Finally, we investigated whether it would be more informative to incorporate both latrine-use measures into a single model for predicting badger density. This was tested by first fitting a linear regression model using year, with both latrine-use measures as predictor variables. This model was then updated using a stepwise procedure to produce the best model for total badger density using the available explanatory variables and two-factor interactions. If both latrine use variables were more informative than either measure alone, the stepwise procedure should select both variables in the final model.

Results

Latrine use and social group size

Figure 1 shows that there were significant positive associations between both latrine-use measures and the estimated number of adult badgers per social group at North Nibley and Woodchester Park in 1996. The data were analysed using a generalized least-squares approach instead of a linear regression approach because there appeared to be some inequality of variances among samples (heteroscedasticity).
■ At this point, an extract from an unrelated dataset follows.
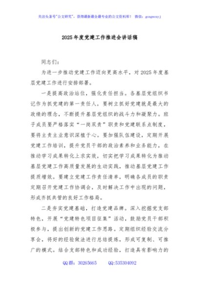 / 2025年度党建工作推进会讲话稿
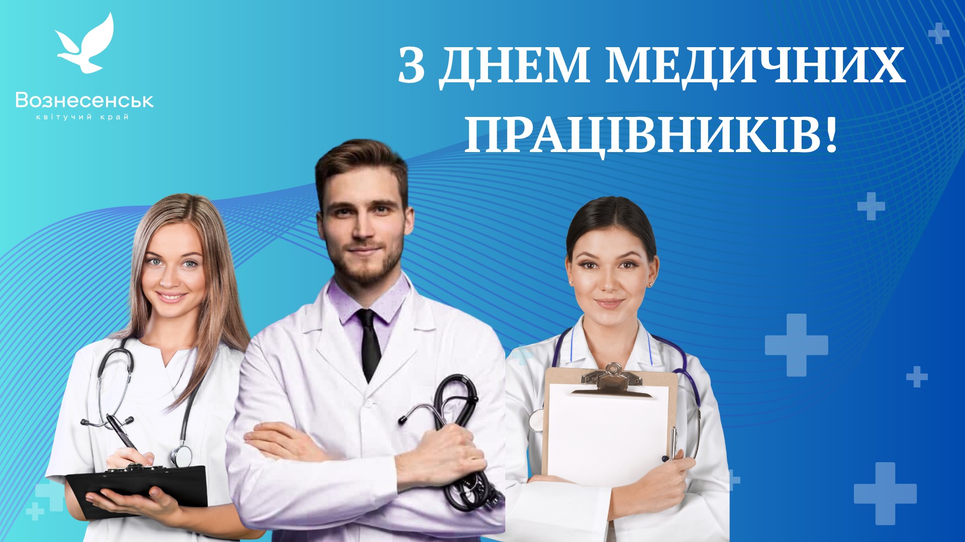 Сердечно вітаємо вас із професійним святом – Днем медичних працівників! Ваша самовіддана праця на передовій боротьби за найцінніше – життя та здоров’я – заслуговує на найвищу повагу. Особливо в ці складні для країни часи, ваша робота набуває надзвичайного значення. Ви – перші, хто приходить на допомогу, незважаючи на втому, небезпеку чи біль. Дякуємо за вашу силу, відданість, людяність, за кожне врятоване життя, добре слово та теплі руки, що лікують тіло й душу.

The P-values given in Fig. 1 are for the test that the slope = 0 or not, and therefore indicative of whether or not the latrine-use measures were useful predictors of density. The number of pits with returns was a consistently better predictor of badger group size than the number of latrines with returns. The lines of best fit differed considerably between study areas. Intriguingly, at Woodchester Park the latrine-use scores were significantly associated only with adult group size but not with total group size. At Nibley, on the other hand, both latrine-use characteristics were more closely associated with total group size than with adult group size.

Figure 1.

Relationship between the number of pits or latrines used by a social group and the estimated number of adult, or total, badgers in each social group. Dashed (1997) and solid (1998) straight lines are the lines of best fit for the badger groups at Woodchester Park (WP, open diamonds) and North Nibley (NN, filled squares), respectively, using a generalized least-squares algorithm to adjust for heteroscedasticity.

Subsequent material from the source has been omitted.